Hi Gerald, First: thanks for raising these questions. I think it's quite helpful for people to get an impression of candidates and to extend the platform pages on the wiki.
1. What do you see as three, four strenghts of openSUSE that we should cultivate and build upon?
1) Variety of features OpenSUSE is mostly recognized for the distributions Leap and Tumbleweed. The broad scale of different sub-projects and them fitting together is a big strength. We should find a way to get oS associated with the whole project bits like YaST, OBS, openQA etc. 2) "Heritage" Linux distributions come and go, some stay for years, others vanish in the depths of the internet. OpenSUSE has been around for decades now and needs to plot twist that fact towards a recognition as reliable friend for running computers. 3) Permission-free community The openSUSE community lives from people that just do things and try to convince others by results. That is not usual everywhere in FOSS. Some other communities try to streamline things into committees and head honchos.
2. What are the top three risks you see for openSUSE? (And maybe ideas how to tackle them?)
1) Getting forgotten 2) Staying unknown in some parts 3) Stewing in our own juice There might be other risks as well but these three all fit into one major topic: communication - or more the lack of it. My idea to tackle this is to revive (somehow) and to push the marketing team as a driving spot for everything going from openSUSE towards the rest of the world. There are already initiatives to write articles, talk to community people in interviews and to create new marketing material. This of course needs coordination and manpower, but is already taking off quite good. The marketing team I have in mind is an initiative working in two directions: Besides doing things on our own I want to have it open for people dropping ideas, wishes and projects. Members can open tickets, non-Members can send emails or join chat rooms to explain what they want or need. Marketing people then either fulfill the request by themselves or try to find someone willing to do that, e.g. in artwork, l10n or any other appropriate team. The main goal is to keep a constant stream of interesting content towards the rest of the community and to anyone outside openSUSE. The answer to the following question extends this point a bit more.

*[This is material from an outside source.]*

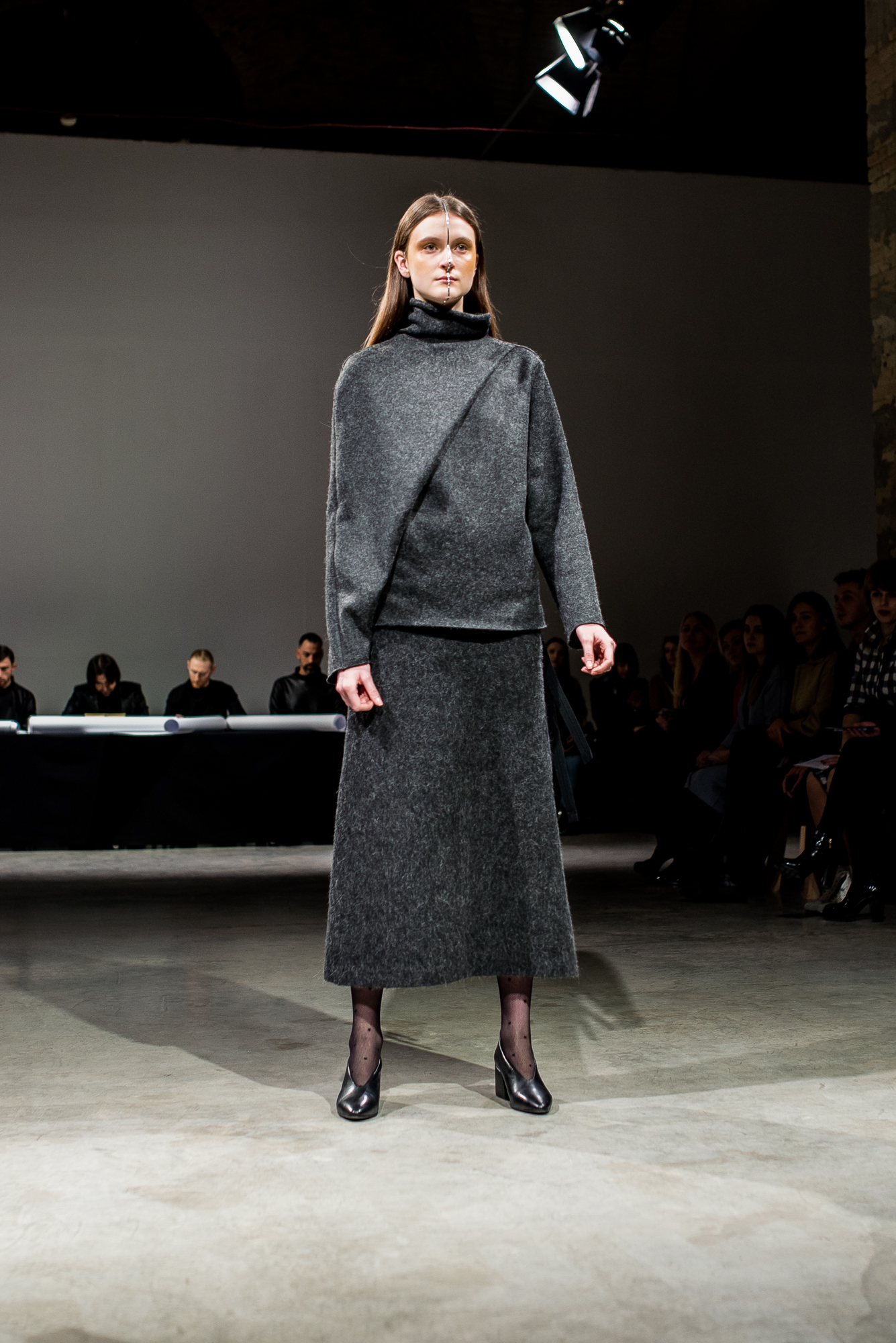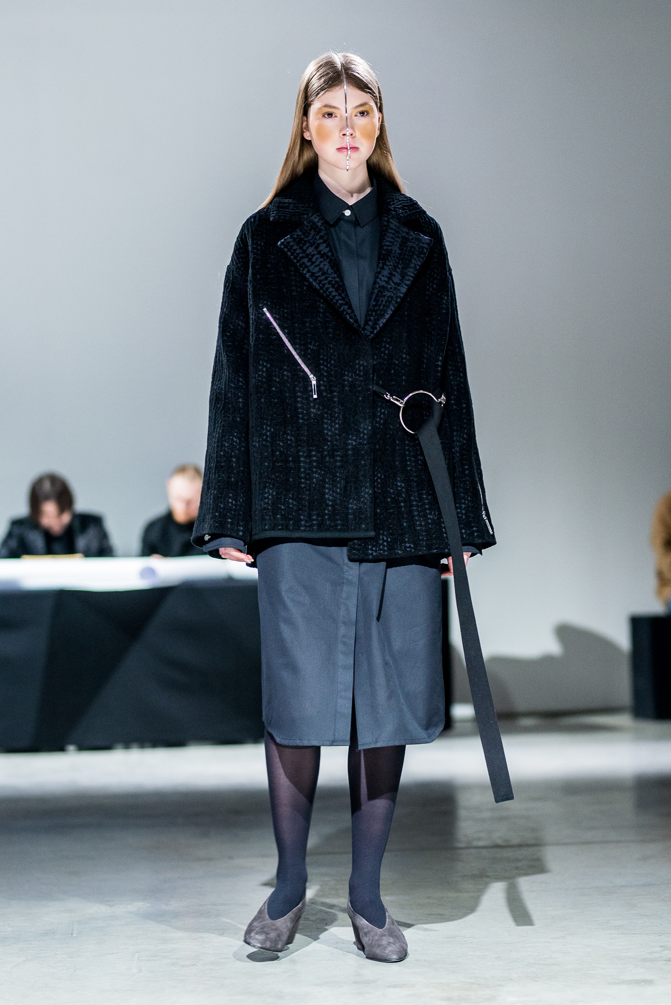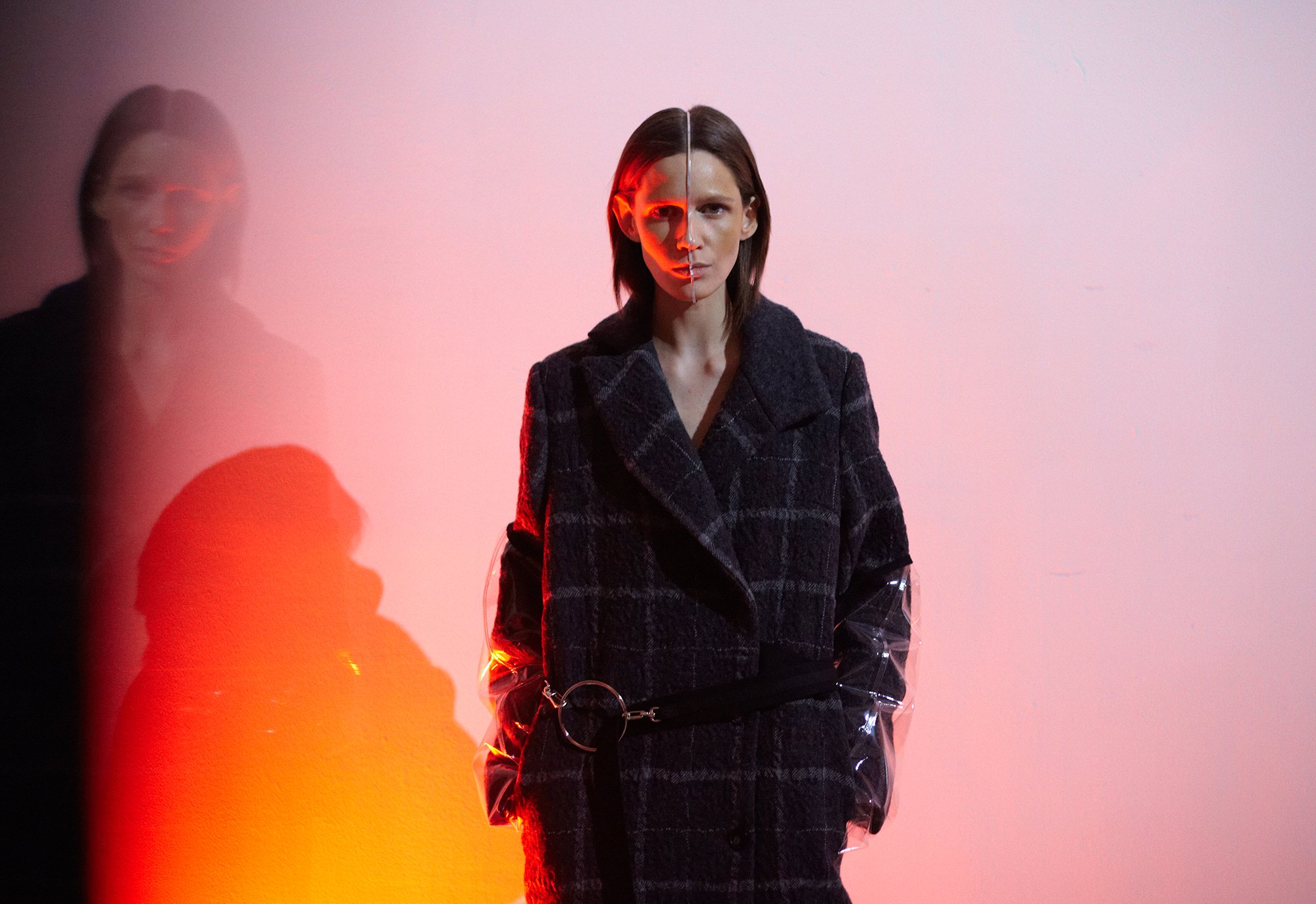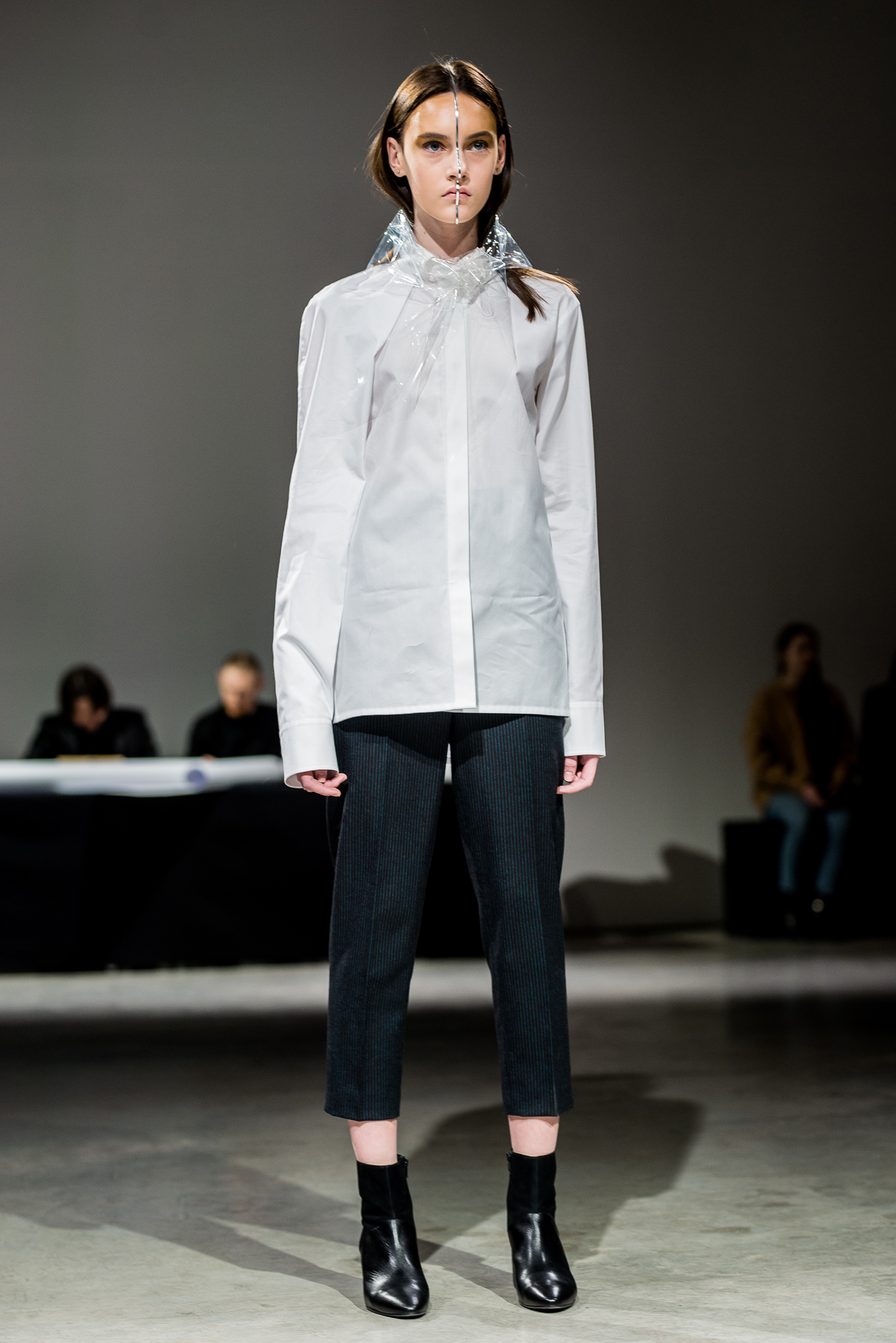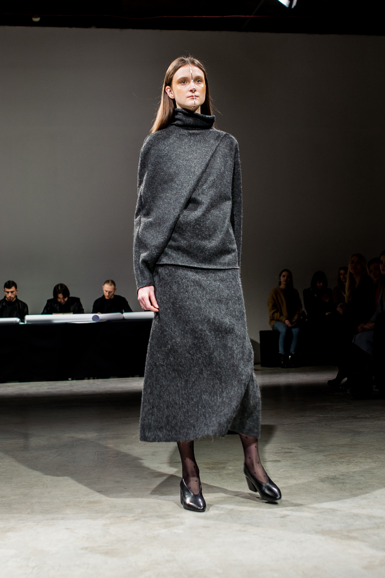Главная роль в показе была отведена пальто – это сильная сторона Пржонской, и они действительно подкупали сочетанием утилитарности и красоты. Ткань, из которой пошиты пальто, ламинирована и водонепроницаема: что, очевидно, одновременно и практично, и красиво, потому что придавало ей блеск и мерцание, соответствующее теме футуризма. Коллекция Пржонской очень последовательна: дизайнер ничего не бросала на полпути, развивая единожды выбранное направление до конца. Так, взяв за основу косой крой рукава, Елена применяет его сразу в нескольких силуэтах: и в пальто, и в платьях, и в рубашках. Использовав горох в нескольких луках, дизайнер периодически добавляет его в качестве деталей и в других выходах – равно как не оставляет она тему с присобранным горлом и не изменяет длине миди.

3. What should the board do differently / more of?
Communicate. Though most people here (including me) don't like the hierarchy thing it's something that should not be left unused. In short: if the board says something, it is widely recognized as something important and official. Being that only partly true and diametrically positioned against of what the board really is (a "servant" to the community), it sure is a way to gain attention for the whole project. As a quick shot example: pick relevant stuff from the board meeting notes, make a monthly posting on news-o-o, add a nice "board news" badge.
4. If you had a blank voucher from the SUSE CEO for one wish, what would that be?
I'd go for easing up processes with Heroes and tech infrastructure. Though being not into the details anyhow I often hear about things going slowly and needing lots of poking. And I assume what's visible public there is only the tip of the iceberg.
5. What is your take on the Foundation? What do you consider a realistic outcome of that endeavour? (And if different, what outcome would you like to see?)
Having SUSE involved with community stuff like legal and budget issues will most likely never been gone. And it would feel wrong to try to cut all connections there. But my guess and hope for the foundation is that it will make things more clear and separated. If anyone has further questions me and (I assume) the other candidates are happy to answer them! Regard, vinz.